Petra asked how people engaged with the story, as an exploration of character or an exploration of societies. For me the book is incredibly rich in both. Anarres feels more real to me than many communities on Earth -- even some I've lived in! Urras was less satisfying to me, as I said, but in a way that made sense because Shevek was only there for a year or so and was carefully prevented from seeing much of the planet.

And the people... I didn't remember it being so, but upon rereading I've decided this is Le Guin's most character-driven novel. Shevek alone is an extraordinary creation, not so much because he is an extraordinary individual (though he is that), but because we see so many sides of him, the bad with the good. He is a full human being. Then there are all the other memorable characters: Takver (whom I appreciated much more this time around), Bedap, Chifoilisk, Pae, even minor characters like Desar the hoarder, and Bunub, the neighbor with a persecution complex who coveted Shevek and Takver's room. I felt again and again, "I've met people like this. These are real people." This sense of reality reminded me strongly of Le Guin's stories of Orsinia, a fictional Eastern European country that is the subject of Orsinian Tales and the novel Malafrena. Both books are out of print, but they're well worth tracking down if you are interested in other works by Le Guin that play in the same heart-rending minor key as The Dispossessed.

And I did find it heart-rending. I don't even know how many times tears slipped from my eyes while reading it. Am I just getting old? I don't know, and I don't care. This is good stuff.
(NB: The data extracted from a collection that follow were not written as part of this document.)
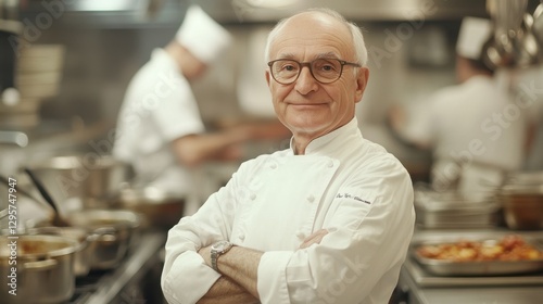 Senior chef in white uniform stands confidently in a busy restaurant kitchen surrounded by cooking staff engaged in meal preparation and culinary art
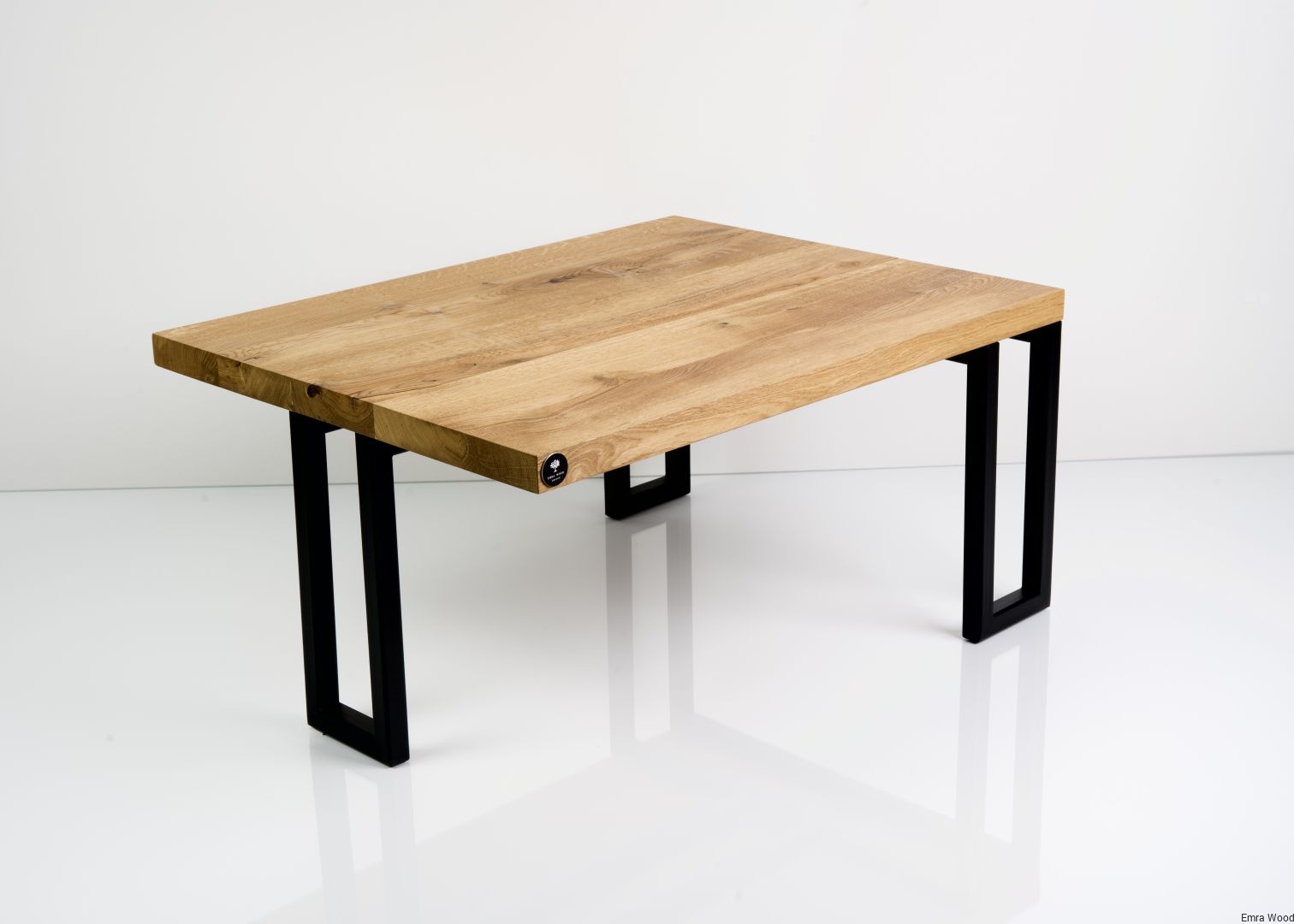 STOLIK KAWOWY / Stelaż Stal Czarna Malowana Proszkowo / Blat Lite Drewno DĄB model STK-132
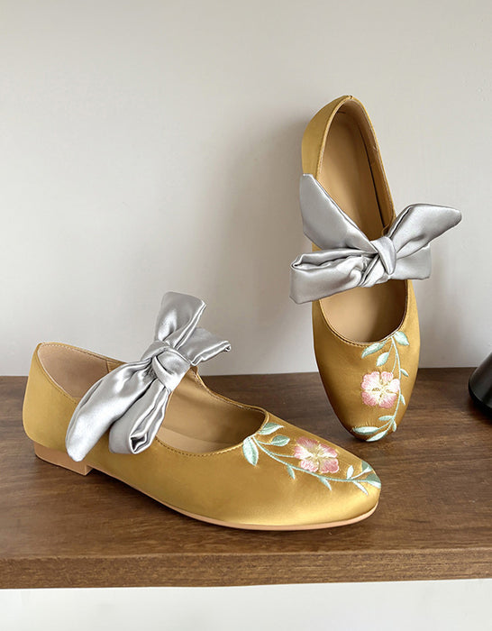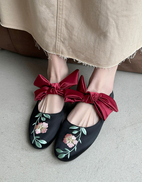 Zapatos planos vintage con lazo, correas de satén bordadas con flores
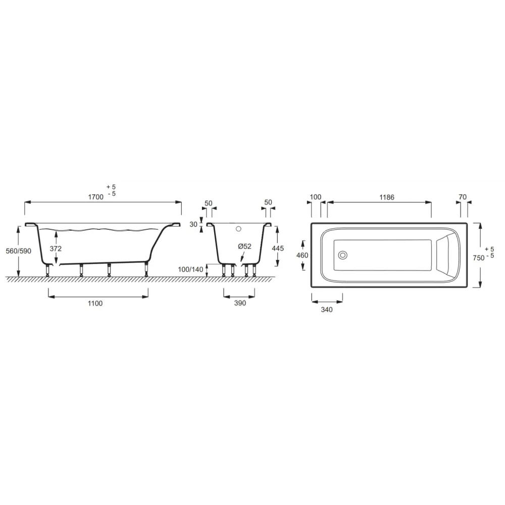 Устойчивость: ванна с 6-ю ножками для дополнительной устойчивости.

Petra also asked, "What are the feminist aspects of the novel?" Well, foremost is the fact that work on Anarres appears to be completely gender neutral. All jobs are equally likely to be held by men or women. And the sexes are not differentiated by clothing or grooming. (Vea asks in chapter 7 how often Anarresti women shave. Shevek's answer is: they don't.) Some of Shevek's earliest intellectual influences, Mitis and Gvarab, are older women, and of course the spiritual founder of Anarres, Odo, is a woman. Marriage, an institution that many radical feminists have objected to, doesn't exist on Anarres, and primary care giving is as likely to be provided by men like Shevek's father as it is by women like Takver or a communal creche. Anarres is truly egalitarian for women. And homosexuals like Bedap are not disapproved of or even seen as unusual. I loved the ease with which Le Guin introduced Shevek's sexual liaison with Bedap, and the fact that it was not a big deal to either of them when it ended. That still seems pretty revolutionary to me.
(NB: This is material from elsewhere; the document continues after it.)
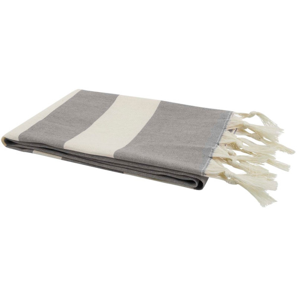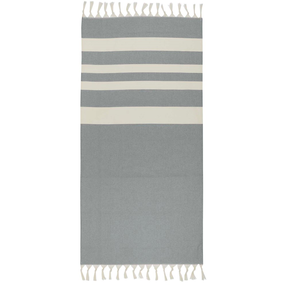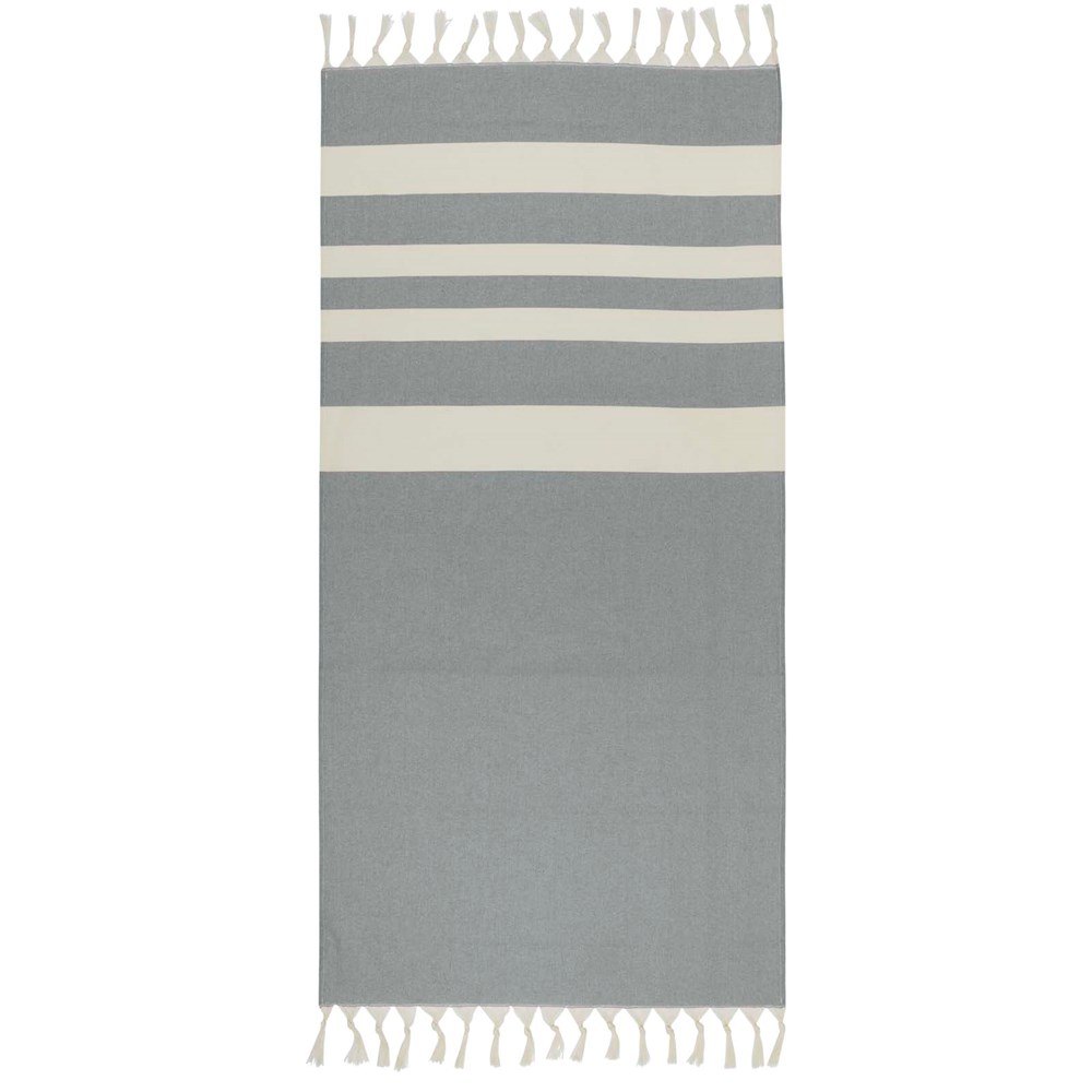 Das Anders Hammamtuch garantiert mit seinen großzügigen Maßen (147 × 75,5 cm) luxuriösen Komfort und sorgt für eine großzügige Abdeckung, egal ob Sie am Pool faulenzen oder einen Tag am Strand verbringen. Das Handtuch hat elegante Quasten an beiden Enden und besteht aus 30 % Baumwolle, 35 % GRS-zertifizierter Recyclingbaumwolle und 35 % GRS-zertifiziertem Recyclingpolyester, 180 g/m².

I was bothered, however, by the scene Rachel mentioned, in which Shevek nearly rapes Vea. I too couldn't understand how he would be excited by her resistance, unless Le Guin was positing a primal male response to women who seem to be "asking for it" (Shevek sees Vea as provocative from the beginning). Takver does mention that there are "body profiteers" on Anarres, but since there is no example of one in the text, Shevek's behavior with Vea comes across as bizarre and horrifying, even given that he is drunk. And there is no follow-up to it, so we are left with the impression that her side of the story doesn't matter. Dated is a charitable way of putting it, I suppose.

I was also bothered by the characterization of Shevek's mother, Rulag. I had forgotten that she reappears at the end of the book as a firm opponent of the Syndicate of Initiative. There is just no way for me to separate this revelation of her repressive politics from her earlier cold approach as a mother; the one seems to be an outgrowth of the other. It comes across as an indictment of the unnatural career woman who lets her child suffer. Grr.

Overall, I think Le Guin was trying to depict complete sexual equality without erasing sex differences altogether... and she botched it now and then. But she mostly got it right. And the book is so well crafted, so intelligent and so resonant otherwise that I still see it as a masterpiece. I could go on and on about the metaphors and patterns in the novel, but I won't. Maybe I'll write an essay one day.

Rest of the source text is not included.